> _What the task requires_
Transcribe the material verbatim, starting at its first line and stopping once the line containing "I am working" has been given; no picture should appear.

> _Supplied information_
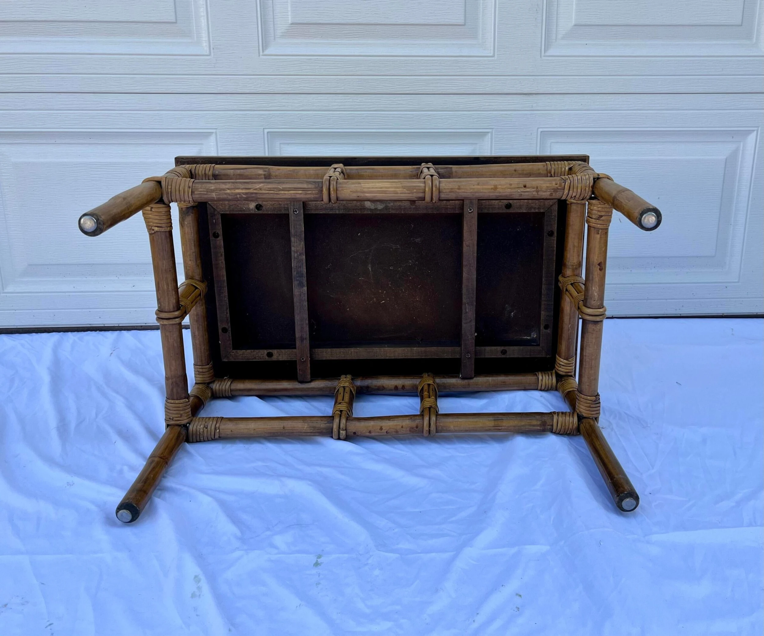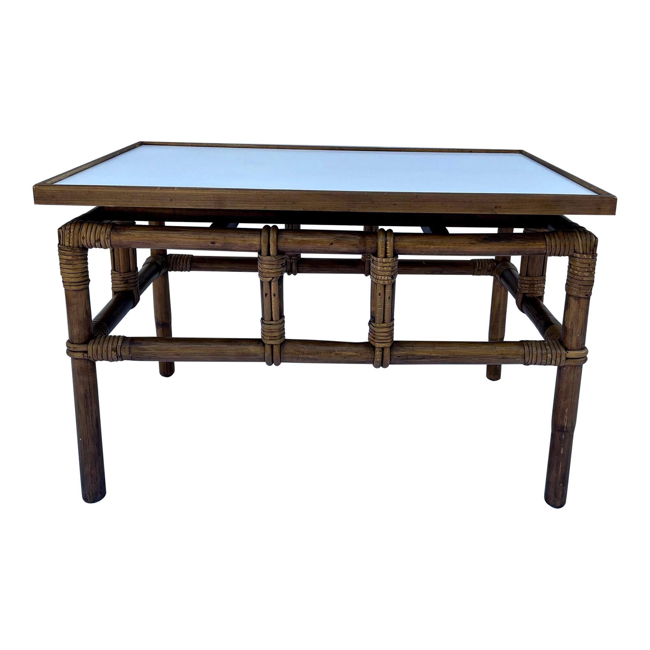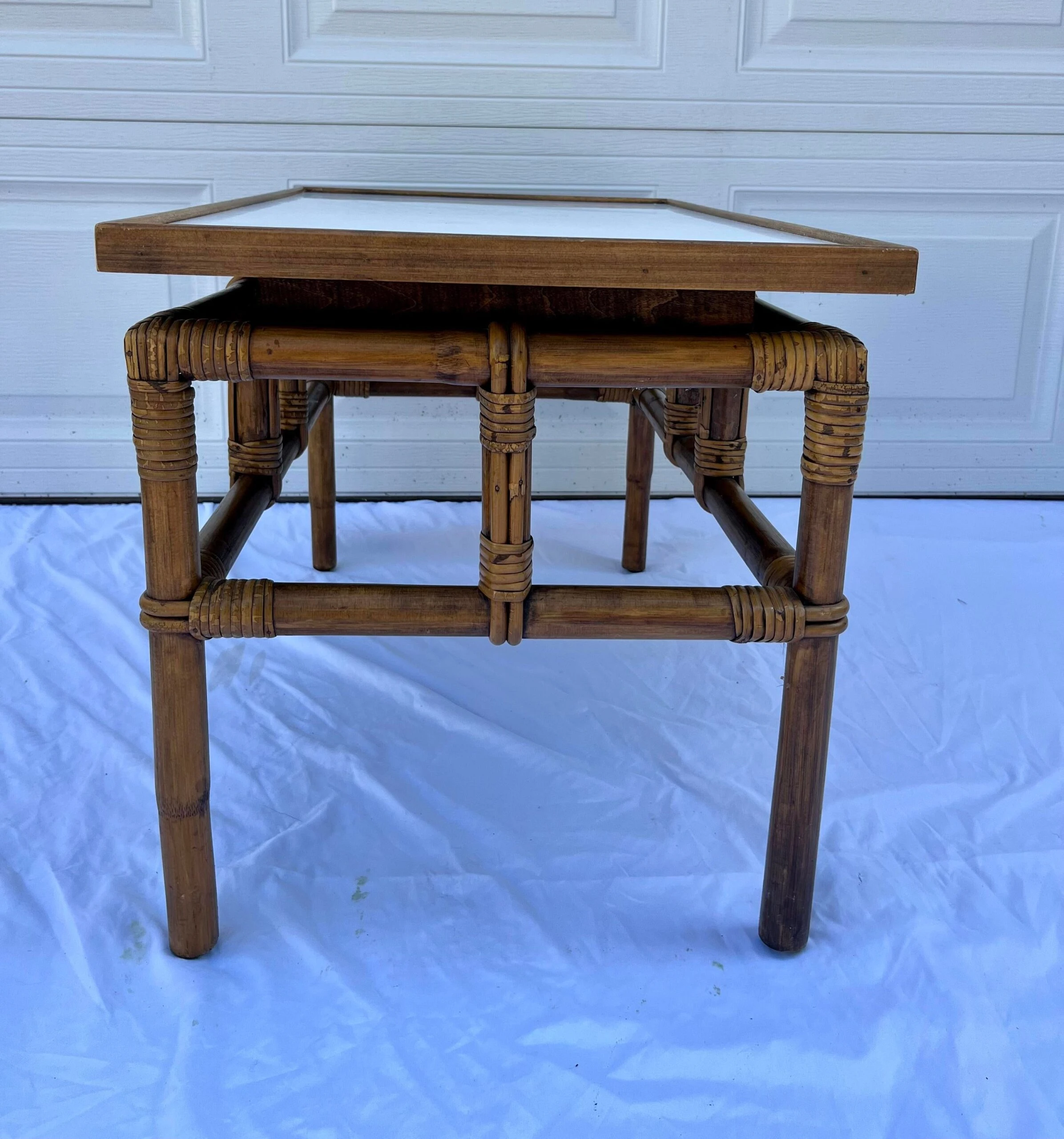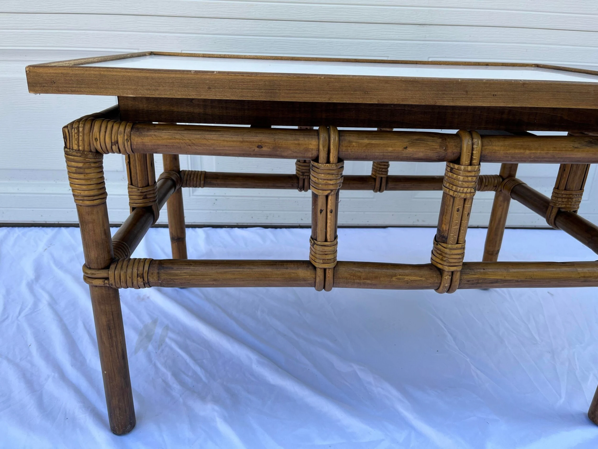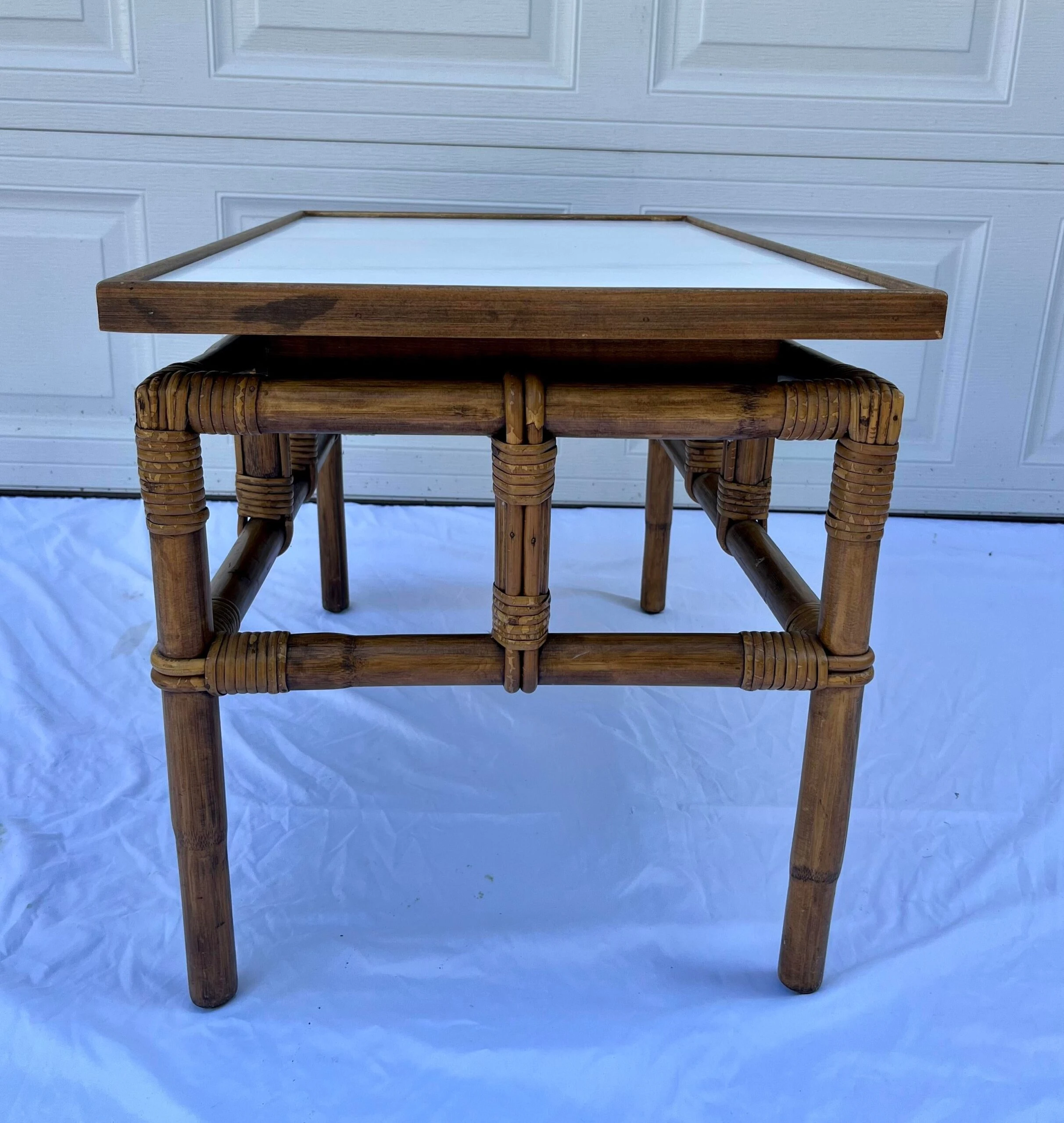 Awesome vintage rattan Campaign Style Ficks Reed Far Horizons Collection end table with white formica top. It is designed with …
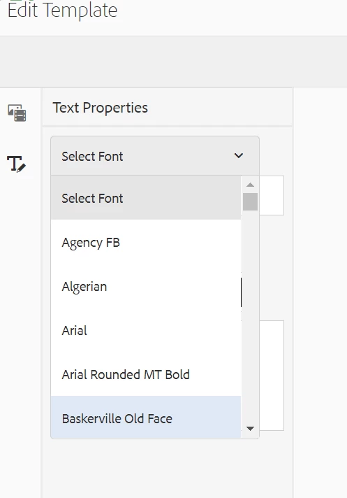 I am working on a use case -->Indesign template editing inside AEM, where I need to control the display of font in the edit template dropdown.
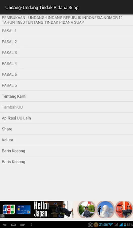 "OPENING : LAW OF THE REPUBLIC OF INDONESIA NUMBER 11 YEAR 1980 CONCERNING THE CRIMINAL ACT OF BRIBERY",

> _Solution for this exercise_
 Awesome vintage rattan Campaign Style Ficks Reed Far Horizons Collection end table with white formica top. It is designed with …
 I am working on a use case -->Indesign template editing inside AEM, where I need to control the display of font in the edit template dropdown.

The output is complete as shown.